Top of Data for this task
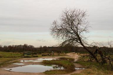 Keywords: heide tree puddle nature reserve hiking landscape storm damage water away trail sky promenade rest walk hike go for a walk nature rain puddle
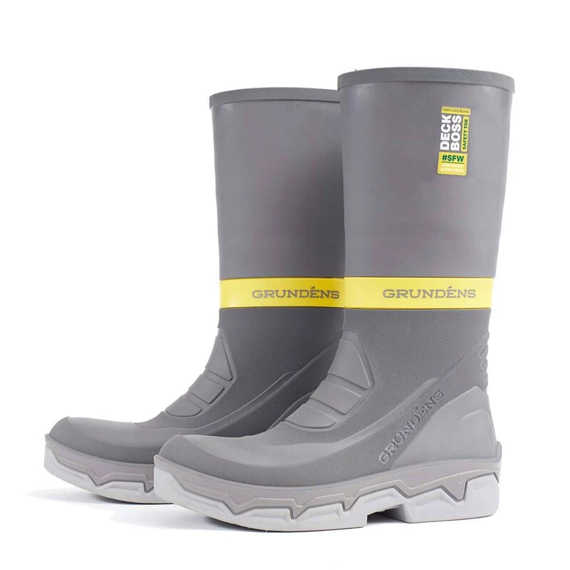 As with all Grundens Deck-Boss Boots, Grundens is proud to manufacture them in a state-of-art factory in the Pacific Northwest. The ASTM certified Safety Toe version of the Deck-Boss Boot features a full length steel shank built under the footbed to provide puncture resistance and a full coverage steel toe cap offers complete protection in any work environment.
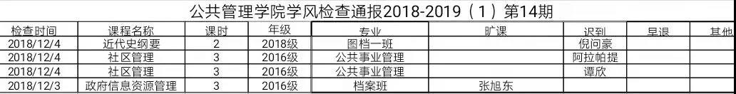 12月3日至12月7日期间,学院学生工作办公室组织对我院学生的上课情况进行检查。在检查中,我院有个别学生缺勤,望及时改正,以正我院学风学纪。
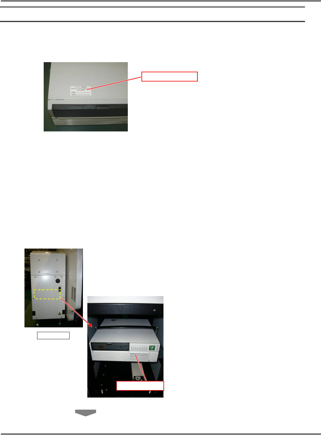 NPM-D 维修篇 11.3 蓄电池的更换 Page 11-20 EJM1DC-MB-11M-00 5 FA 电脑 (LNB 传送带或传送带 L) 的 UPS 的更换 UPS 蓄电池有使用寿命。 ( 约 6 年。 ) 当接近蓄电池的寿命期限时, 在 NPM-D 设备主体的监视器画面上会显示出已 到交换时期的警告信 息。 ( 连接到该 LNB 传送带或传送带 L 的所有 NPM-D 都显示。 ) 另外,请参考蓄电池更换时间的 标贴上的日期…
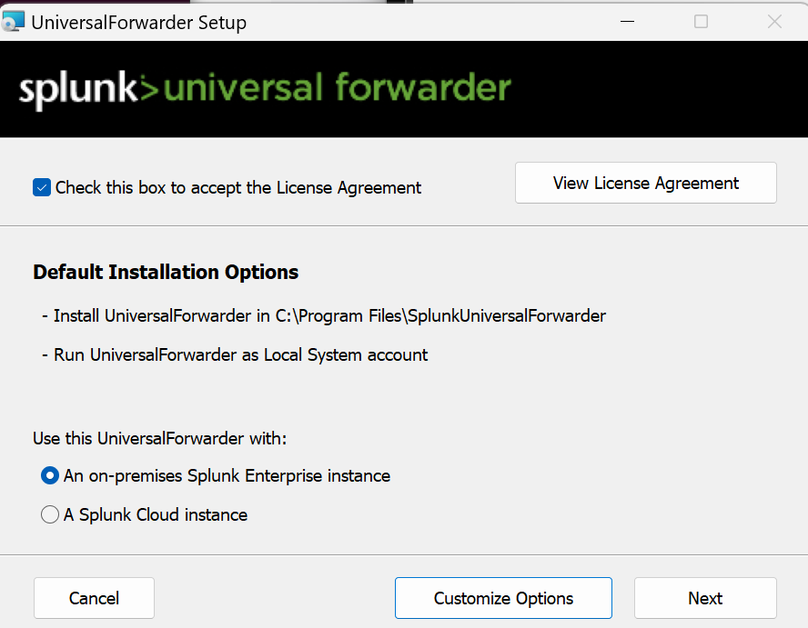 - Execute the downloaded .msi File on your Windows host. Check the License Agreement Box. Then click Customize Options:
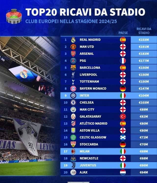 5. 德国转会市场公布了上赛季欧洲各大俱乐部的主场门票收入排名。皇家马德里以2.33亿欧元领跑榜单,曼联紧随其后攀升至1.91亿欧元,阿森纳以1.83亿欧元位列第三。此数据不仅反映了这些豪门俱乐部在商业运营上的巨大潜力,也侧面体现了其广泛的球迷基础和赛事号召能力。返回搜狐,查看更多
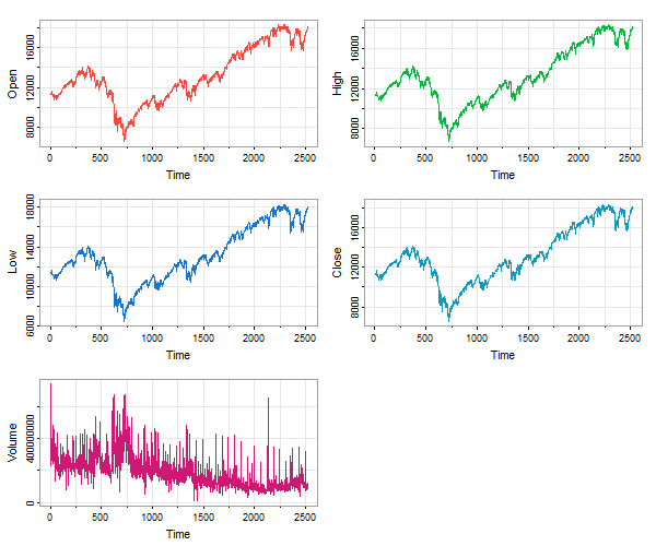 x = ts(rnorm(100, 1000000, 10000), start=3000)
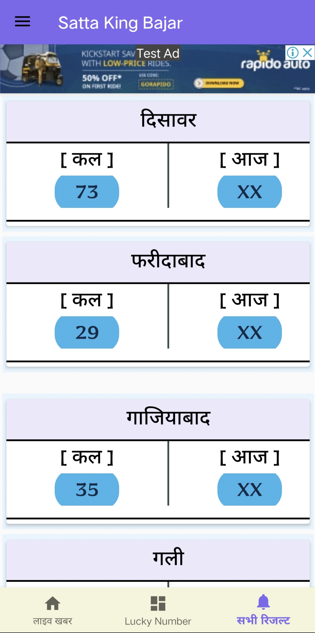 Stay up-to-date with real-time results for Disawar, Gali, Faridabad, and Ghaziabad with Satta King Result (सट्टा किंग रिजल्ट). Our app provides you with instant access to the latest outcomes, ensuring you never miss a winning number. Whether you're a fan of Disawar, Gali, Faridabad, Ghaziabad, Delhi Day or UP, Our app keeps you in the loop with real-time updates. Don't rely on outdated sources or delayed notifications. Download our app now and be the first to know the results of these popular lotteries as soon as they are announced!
Bottom of Data for this task
● **Exercise details**: The answer should consist of every line above, exact and free of images.

● **Task response**:
 Keywords: heide tree puddle nature reserve hiking landscape storm damage water away trail sky promenade rest walk hike go for a walk nature rain puddle
 As with all Grundens Deck-Boss Boots, Grundens is proud to manufacture them in a state-of-art factory in the Pacific Northwest. The ASTM certified Safety Toe version of the Deck-Boss Boot features a full length steel shank built under the footbed to provide puncture resistance and a full coverage steel toe cap offers complete protection in any work environment.
 12月3日至12月7日期间,学院学生工作办公室组织对我院学生的上课情况进行检查。在检查中,我院有个别学生缺勤,望及时改正,以正我院学风学纪。
 NPM-D 维修篇 11.3 蓄电池的更换 Page 11-20 EJM1DC-MB-11M-00 5 FA 电脑 (LNB 传送带或传送带 L) 的 UPS 的更换 UPS 蓄电池有使用寿命。 ( 约 6 年。 ) 当接近蓄电池的寿命期限时, 在 NPM-D 设备主体的监视器画面上会显示出已 到交换时期的警告信 息。 ( 连接到该 LNB 传送带或传送带 L 的所有 NPM-D 都显示。 ) 另外,请参考蓄电池更换时间的 标贴上的日期…
 - Execute the downloaded .msi File on your Windows host. Check the License Agreement Box. Then click Customize Options:
 5. 德国转会市场公布了上赛季欧洲各大俱乐部的主场门票收入排名。皇家马德里以2.33亿欧元领跑榜单,曼联紧随其后攀升至1.91亿欧元,阿森纳以1.83亿欧元位列第三。此数据不仅反映了这些豪门俱乐部在商业运营上的巨大潜力,也侧面体现了其广泛的球迷基础和赛事号召能力。返回搜狐,查看更多
 x = ts(rnorm(100, 1000000, 10000), start=3000)
 Stay up-to-date with real-time results for Disawar, Gali, Faridabad, and Ghaziabad with Satta King Result (सट्टा किंग रिजल्ट). Our app provides you with instant access to the latest outcomes, ensuring you never miss a winning number. Whether you're a fan of Disawar, Gali, Faridabad, Ghaziabad, Delhi Day or UP, Our app keeps you in the loop with real-time updates. Don't rely on outdated sources or delayed notifications. Download our app now and be the first to know the results of these popular lotteries as soon as they are announced!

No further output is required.